**** PROVIDED DATA ****
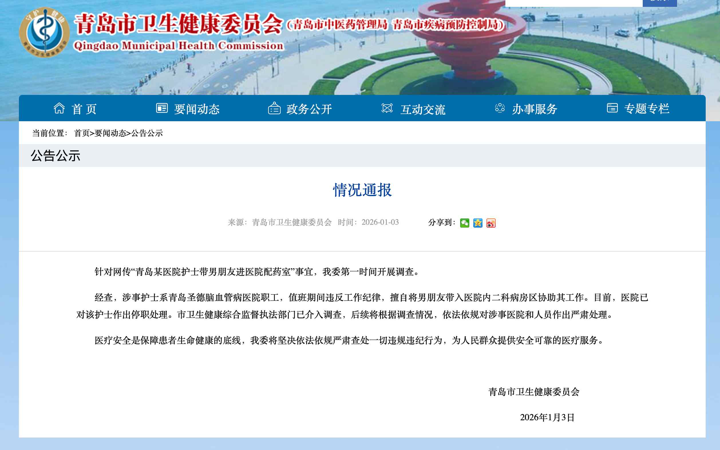 中國網(wǎng)1月3日訊 1月3日,青島市衛(wèi)生健康委員會發(fā)布情況通報:針對網(wǎng)傳“青島某醫(yī)院護(hù)士帶男朋友進(jìn)醫(yī)院配藥室”事宜,青島市衛(wèi)生健康委第一時間開展調(diào)查。
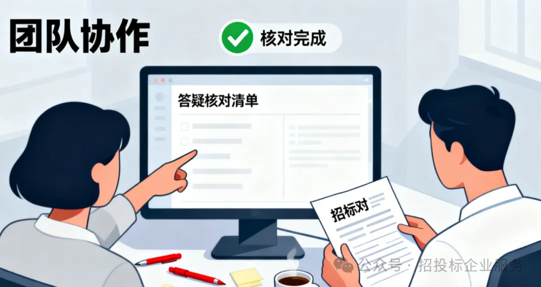 团队核对:提交前让同事对照答疑纪要,检查标书里的修改是否全到位 —— 避免 “自己改了 A 条款,漏了 B 条款”。
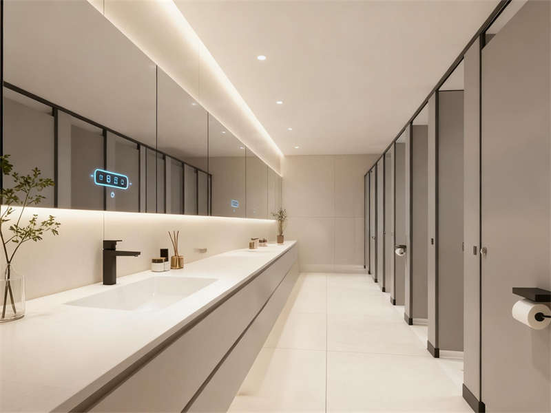 會議室設計兼顧功能性與氛圍感,簡潔的陳設搭配適宜的燈光,滿足不同規模會議的需求,助力團隊高效溝通;休閑茶水間以溫馨舒適為基調,柔軟的座椅與綠植點綴其間,為員工提供放松休憩的角落,緩解工作壓力;走廊通道線條流暢,通過墻面裝飾與燈光設計增強空間層次感,引導人流順暢通行;衛生間注重整潔與便捷,細節處的設計彰顯對使用者的關懷。?
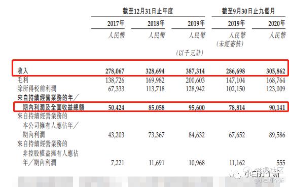 ■17至19年收入分别为2.78亿人民币、3.28亿人民币、3.87亿人民币,20年首九个月收入为3.05亿人民币。
****
→ THE TASK: Working from the line that contains "會議室設計兼顧功能性與氛圍感" to the last line of the listing, please quote each line exactly, pictures excluded.

→ WRITTEN REPLY:
 會議室設計兼顧功能性與氛圍感,簡潔的陳設搭配適宜的燈光,滿足不同規模會議的需求,助力團隊高效溝通;休閑茶水間以溫馨舒適為基調,柔軟的座椅與綠植點綴其間,為員工提供放松休憩的角落,緩解工作壓力;走廊通道線條流暢,通過墻面裝飾與燈光設計增強空間層次感,引導人流順暢通行;衛生間注重整潔與便捷,細節處的設計彰顯對使用者的關懷。?
 ■17至19年收入分别为2.78亿人民币、3.28亿人民币、3.87亿人民币,20年首九个月收入为3.05亿人民币。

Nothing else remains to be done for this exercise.